До свидания, жму руку.
Ваш Винсент
В числе прочего я сейчас работаю над акварелью с изображением сирот, начал много различных вещей – я по уши в работе.
Закончив письмо, я вышел прогуляться и вернулся с пачкой листов из иллюстрированных журналов, а именно из старых «Hollandsche Illustratie», что позволяет мне приложить к данному отправлению несколько дубликатов.
В первую очередь три очень красивых Домье.
Один Жак.
Если они у Вас уже есть, буду признателен, если Вы их при возможности вернете мне.
«Физиологию пьяницы. Четыре возраста человека» Домье я всегда считал одной из самых выдающихся его вещей.
Здесь есть душа, как у де Гру. Я счастлив, что могу послать Вам этот лист, – Домье попадается все реже.
Не будь у Вас других работ Домье, этот мастер все равно был бы достойно представлен в Вашей коллекции. Однажды мне довелось увидеть великолепные рисунки Франса Хальса – в этом журнале все найдется, будь то Франс Хальс или Рембрандт.
Помимо этого, прилагаю к письму несколько чрезвычайно красивых Моренов и старых Доре – листы, которые попадаются все реже и реже.
Разумеется, Вы, как и я, уже слышали болтовню на тему «иллюстративности» – по большей части она направлена против Доре и, естественно, против Морена.
Полагаю, Вы, несмотря на это, не перестанете почитать этих художников – однако подобные рассуждения могут отчасти повлиять на мнение неподготовленного человека. Поэтому, посылая Вам листы, я считаю нелишним добавить, что в этих потемневших гравюрах на дереве чувствуется аромат времен Гаварни, Бальзака и В. Гюго – нечто из почти забытой сегодня «Богемы», к чему я испытываю глубокое почтение, и всякий раз, когда я вижу эти листы, они побуждают меня делать все, что в моих силах, и энергично браться за дело.
Разумеется, я вижу различия между рисунками Доре и Милле, но один не исключает другого.
Существует не только различие, но и сходство. Доре умеет моделировать торс и изображать суставы лучше, безгранично лучше многих из тех, кто с высокомерным всезнайством глумится над ним. Доказательством служит, например, тот оттиск «Купальщиков на море», который он считал лишь грубым наброском.
Вот что я скажу: если бы рисунки Доре раскритиковал кто-нибудь вроде Милле – я сомневаюсь, что он мог так поступить, но предположим, что он это сделал, – у него было бы на это право; но если его произведения поносят те, кто обеими руками не способен создать и десятой доли того, что способен сотворить Доре одним пальцем, то все их претензии – это просто вздор, стоило бы им помолчать и научиться рисовать лучше.

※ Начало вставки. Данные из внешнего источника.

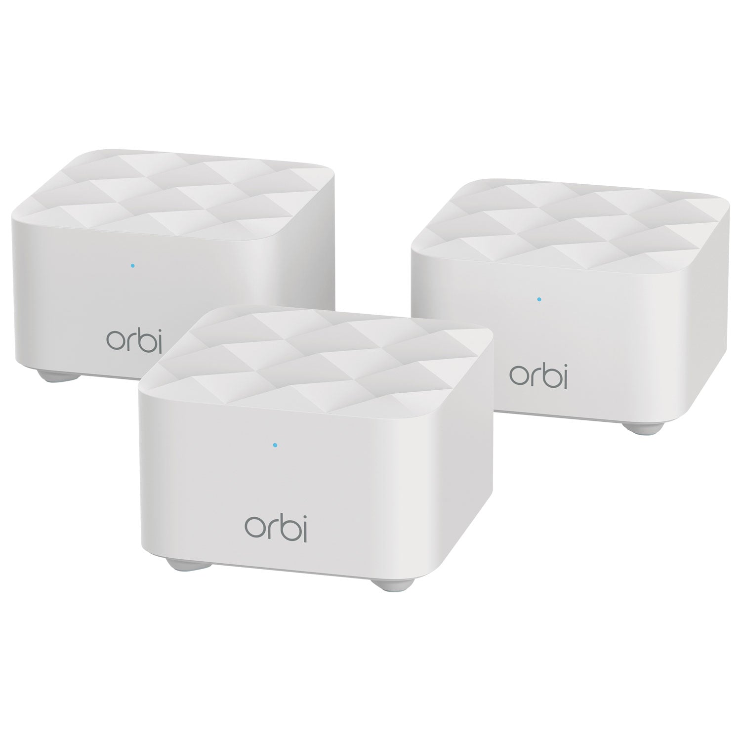 - Mounting Hardware: One (1) Orbi Router (RBR10), Two (2) Orbi Satellites (RBS10), One (1) 2m Ethernet cable, Three (3) 12V/1A power adapters, Quick start guide
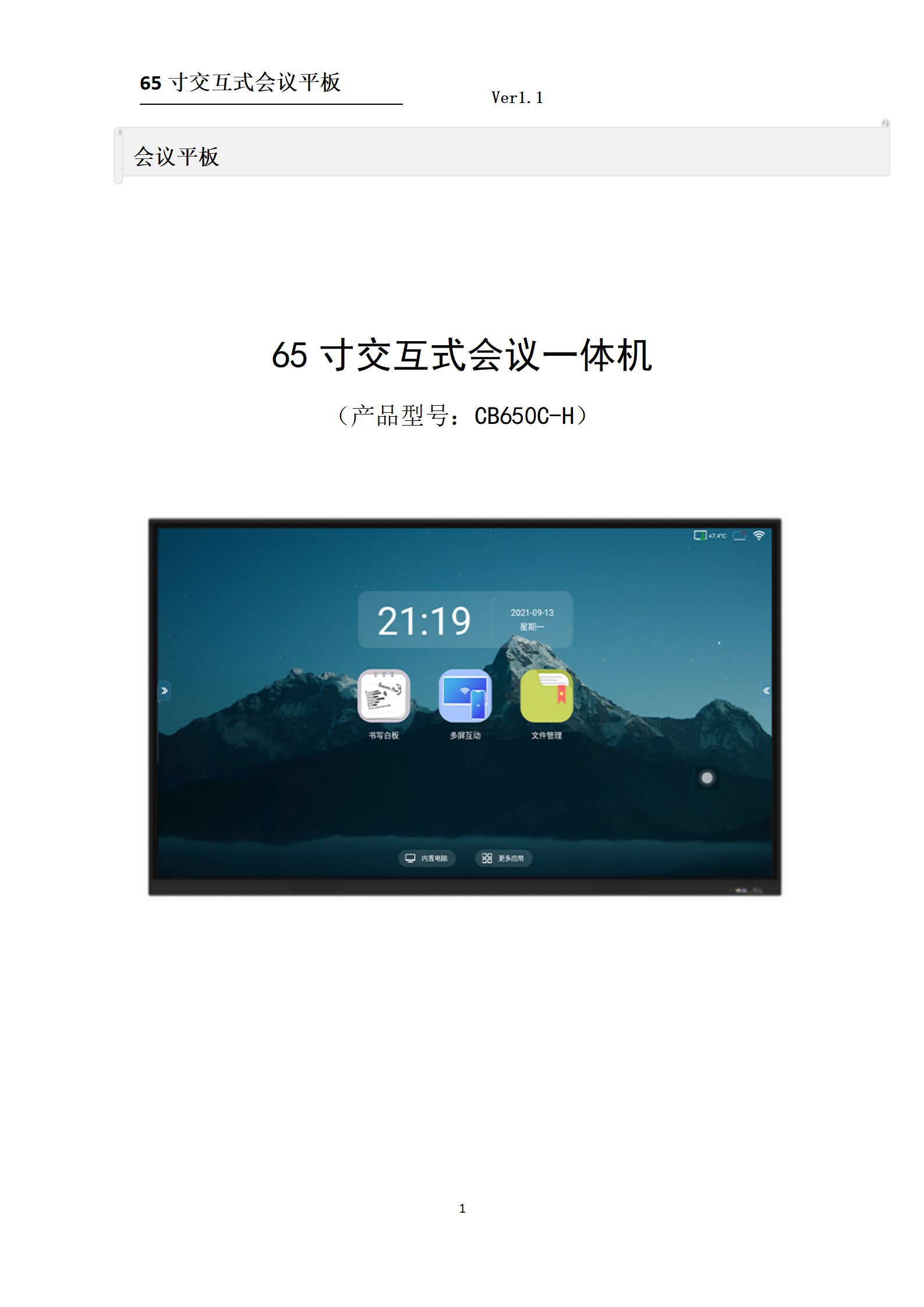 H6款65寸交互式会议平板(FT99)

Как нелепо, что в наши дни пренебрежение к рисунку стало настолько распространенным явлением.
Вы, разумеется, видели рисунки Лейнена в Брюсселе? Насколько они остроумны и забавны и насколько мастерски выполнены! Но стоит заговорить о них с кем-нибудь, то услышишь высокомерный ответ с долей презрения: «Да, это довольно мило». Наверняка сам Лейнен навсегда останется бедняком, хотя он, должно быть, очень деятелен и плодовит и будет рисовать все больше и больше. Что ж, я тоже не против всю жизнь оставаться бедняком, при условии, что я буду деятелен и все более плодовит и мне будет ежедневно хватать денег на хлеб.

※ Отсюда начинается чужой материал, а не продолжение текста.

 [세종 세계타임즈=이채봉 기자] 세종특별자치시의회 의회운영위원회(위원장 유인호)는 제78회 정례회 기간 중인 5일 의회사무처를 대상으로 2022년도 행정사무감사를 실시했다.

Еще раз кланяюсь Вам, надеюсь, что Вам понравятся эти гравюры на дереве и что вскорости я вновь получу весточку от Вас. До свидания.
274 (237). Тео Ван Гогу. Гаага, воскресенье, 22 октября 1882
Воскресенье, день
Дорогой Тео,
не буду рассказывать, как сильно порадовало меня твое письмо и то, что к нему прилагалось, – это очень кстати и послужит мне серьезным подспорьем.
У нас стоит настоящая осенняя погода: дождливая и промозглая, но полная настроения, она прекрасно подходит для создания фигур, в особенности тех, что выделяются своим тоном на фоне мокрых улиц и дорог, в которых отражается небо. Именно такие сюжеты особенно удачно получаются у Мауве.
У меня благодаря этому опять появилась возможность поработать над большой акварелью, изображающей толпу перед конторой лотереи, кроме того, я начал еще одну вещь с видом на пляжное побережье, композицию которой предлагаю твоему вниманию.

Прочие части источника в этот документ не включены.